When asked to describe his father, Fr. Tresford Pintu, a Priest serving at Bahati Minor Seminary, had this to say about him:

 

“Dad was our mentor, disciplinarian, gallant pillar of the family, a man of God, an oasis of both wisdom and intelligence, humorous, a friend to everyone and always preached peace and love.”

 

Interestingly, TKP was my son. And I comically learned about this fact. As mentioned earlier, TKP would visit every member of our clan at Mukanga Village. Wherever he went, he would greet both men and women with the word, “Bataata.” I used to get baffled that whenever we met, he would address me as his father when I was but just a little boy. He was far much older and had a family.

 

Then one day, after addressing my elder sister with the same tag of Bataata, I asked my grandmother whether the gentleman was normal.

 

Granny: “Yes, he is your son.”

 

“But I am too young to have a son, and of his age for that matter! And, he addresses my sister and my mother the same!”

 

“He’s right,” granny said, smiling. “That’s what you all are to him.”

 

“It can’t be possible. He should address my mother as ‘Mother,” I said, thinking granny was also out of her mind.

 

“It’s because he’s a son of your uncle. It means he is automatically your son,” granny explained.

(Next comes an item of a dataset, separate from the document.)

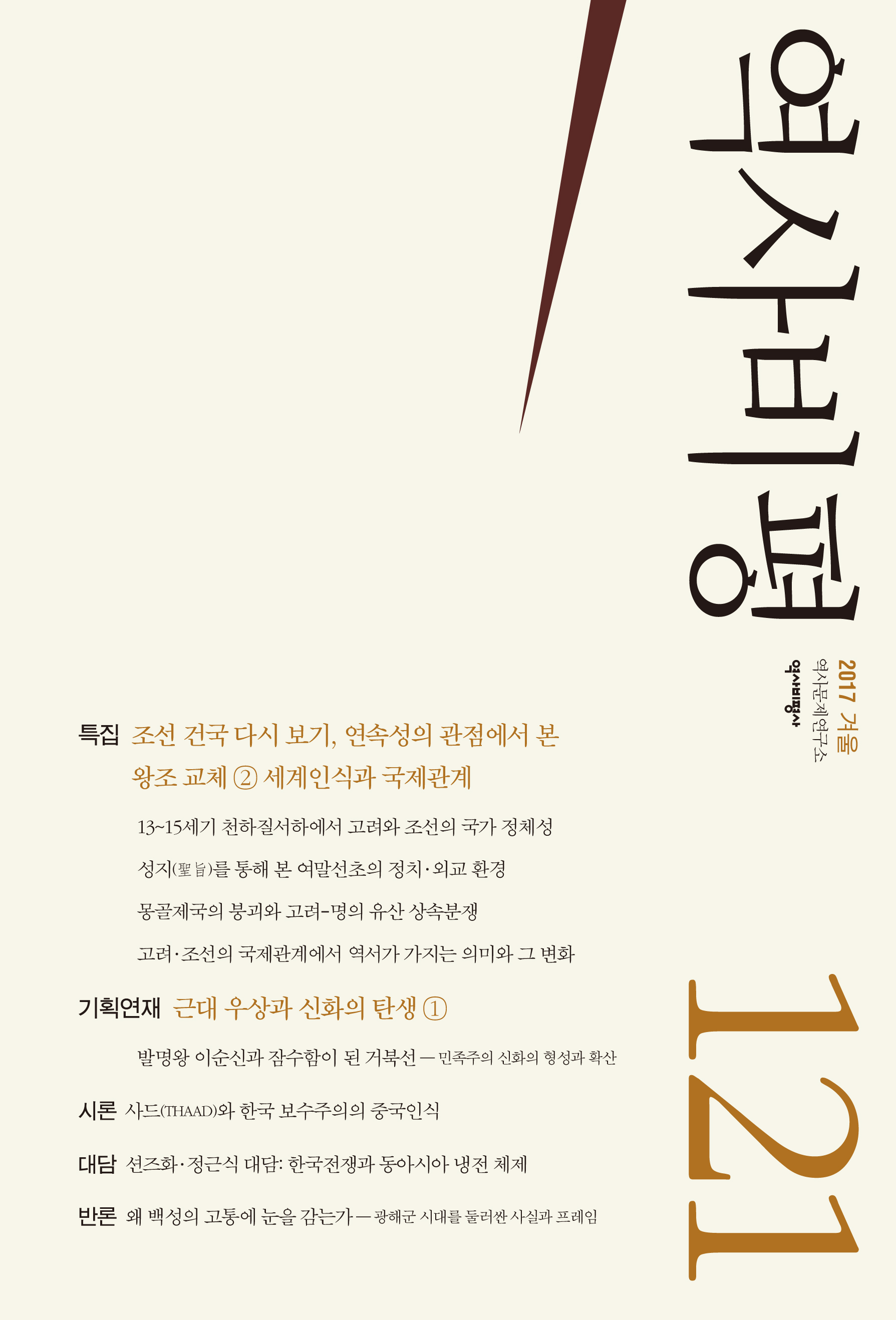 2017년 겨울호의 ‘특집’은 지난 호에 이어서 여말선초 시기의 변화와 연속성을 주제로 하고 있다. 이번 호에서는 당시 동아시아 국제정세의 흐름 속에서 몽골(원), 명과의 외교관계를 지속하는 가운데, 고려와 조선이 어떻게 왕조의 위상을 설정하고 통치의 기반을 수립했는지 살펴보면서 조선 건국을 전후한 시기의 연속성과 단절성을 분석한다.

“So, there are children you acquire automatically?”

 

“Yes. Like him and many others that are born from your uncles, your mother’s brothers.”

 

“Okay, so I have many of those. Thank God and tradition that I have TKP as my son, automatically.”

 

 As you can see, he was many things to me. While the loss is painful, I can only draw strength from the scriptures. John 5: 29 gives us hope that there will be a resurrection of those in memorial tombs. TKP will surely be there. Hebrews 6:10 assures us that God is just and will never forget his good deeds while on this planet. Farewell, TKP. Farewell, our shepherd. Farewell, Our counselor. Farewell, my father. Farewell, my son. Farewell Lunga’s modern-day “John the Baptist!”